Queixa principal: Falta de ar progressiva há 3 anos, piora nos últimos 2 meses, tosse matinal com expectoração clara, cansaço ao caminhar 100 metros.
Avaliação clínica: Exame físico revelou tórax em tonel, uso de musculatura acessória, sibilos difusos, saturação de O2 em 89% ao ar ambiente. Espirometria: VEF1/CVF = 0,55 (pós-broncodilatador), classificando GOLD 3 (DPOC grave). Raio-X de tórax mostrou hiperinsuflação pulmonar.
Diagnóstico: Após avaliação completa, o médico registrou o CID J44.0 — Doença pulmonar obstrutiva crônica com exacerbação aguda por infecção respiratória baixa.
Conduta terapêutica: Broncodilatador de curta duração (salbutamol) e corticosteroide inalatório (budesonida) associado a formoterol; antibioticoterapia (amoxicilina-clavulanato por 7 dias); oxigenoterapia domiciliar (1 L/min) e reabilitação pulmonar programada.
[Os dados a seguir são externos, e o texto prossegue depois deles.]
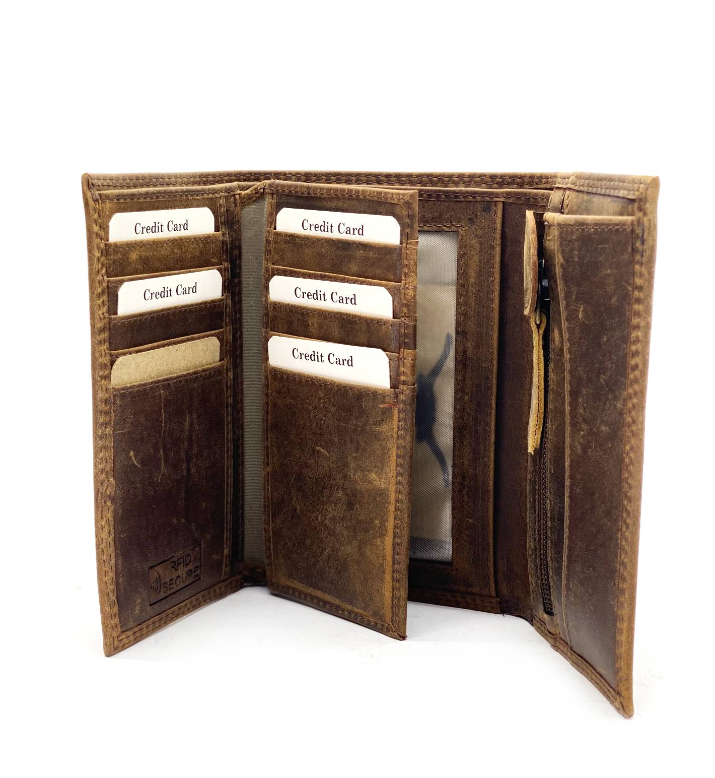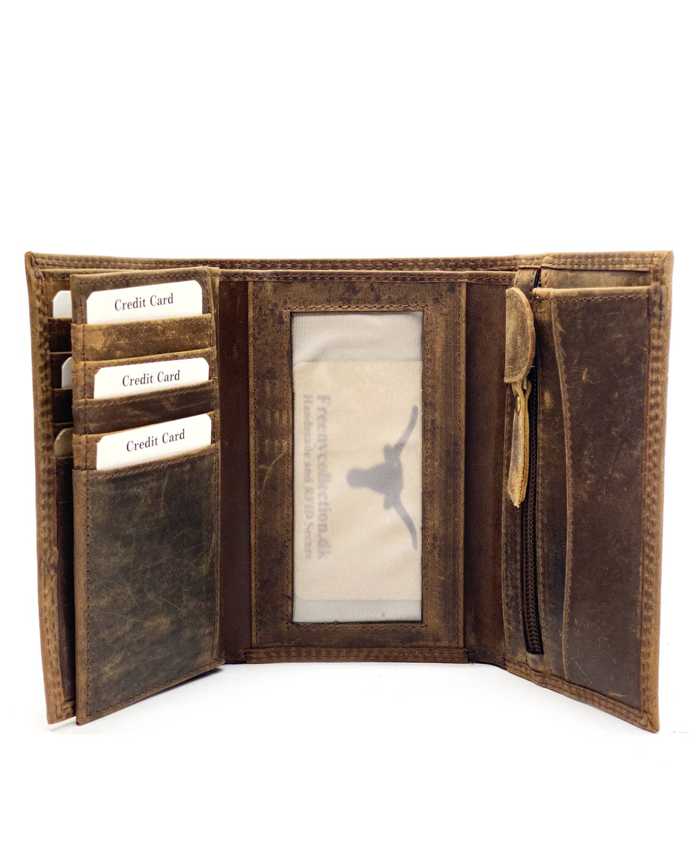 Denne super lækre og kompakte RFID sikrede tegnebog har plads til hele 15 kreditkort. Dertil har pungen et eventuelt kørekort vindue, to rum til sedler samt en møntlomme med lynlås. Denne pung er RFID sikret, og er derfor udstyret med en folie, der forhindre uvedkommende i at aflæse dine personlige data.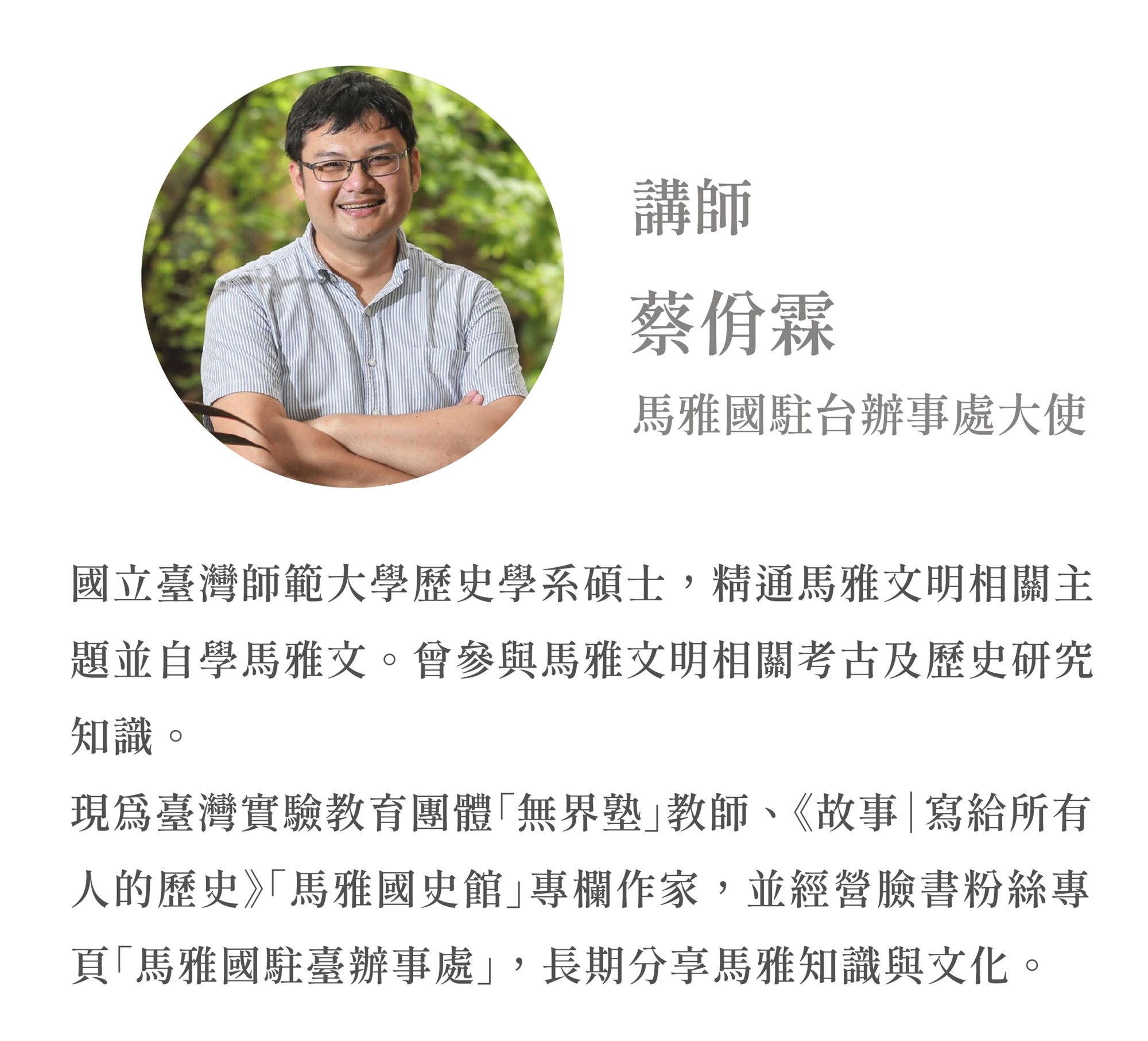 2017年,迪士尼以亡靈節為主題,製作熱門動畫《可可夜總會Coco》,若看過,必能哼唱幾句其中金曲,更被電影中的歡樂氣氛所渲染。今年亡靈節,就跟著馬雅國駐台辦事處大使-蔡佾霖 從電影《可可夜總會》出發,介紹亡靈節的儀式與信仰,他將與我們分享其中不可忽略的細節,聊中美洲各地如何歡慶亡靈節?更以其獨有的考古經驗出發,帶我們深入了解古老阿茲特克文明中的古老圖騰與引領亡靈、保護在世者的守護獸。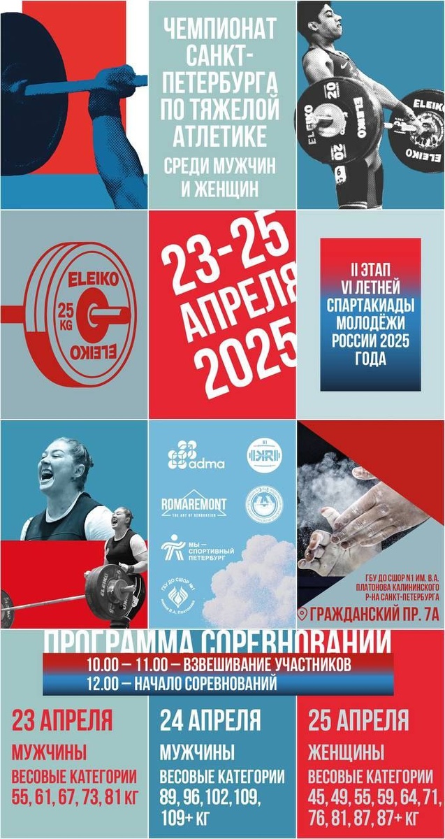 С 23 по 25 апреля в спортивной школе олимпийского резерва №1 Калининского района Санкт-Петербурга им. В.А. Платонова пройдёт чемпионат Санкт-Петербурга по тяжёлой атлетике среди мужчин и женщин. Приходите и болейте за: Кирилла Рябых, Анну Зубко, Кристину Соболь и других звёзд тяжелой атлетики из города на Неве.

Vacinação contra influenza e pneumococo.
Evolução: Após 3 semanas, o paciente apresentou melhora significativa da dispneia (escala mMRC de 3 para 1), saturação de O2 em 93% e retorno às atividades leves. Mantém uso regular de broncodilatador e corticosteroide inalatório.
Lição clínica: O diagnóstico precoce da DPOC e o tratamento adequado, incluindo cessação do tabagismo e reabilitação, podem melhorar a qualidade de vida e reduzir hospitalizações. O CID J44 orienta o manejo baseado em diretrizes internacionais (GOLD 2026).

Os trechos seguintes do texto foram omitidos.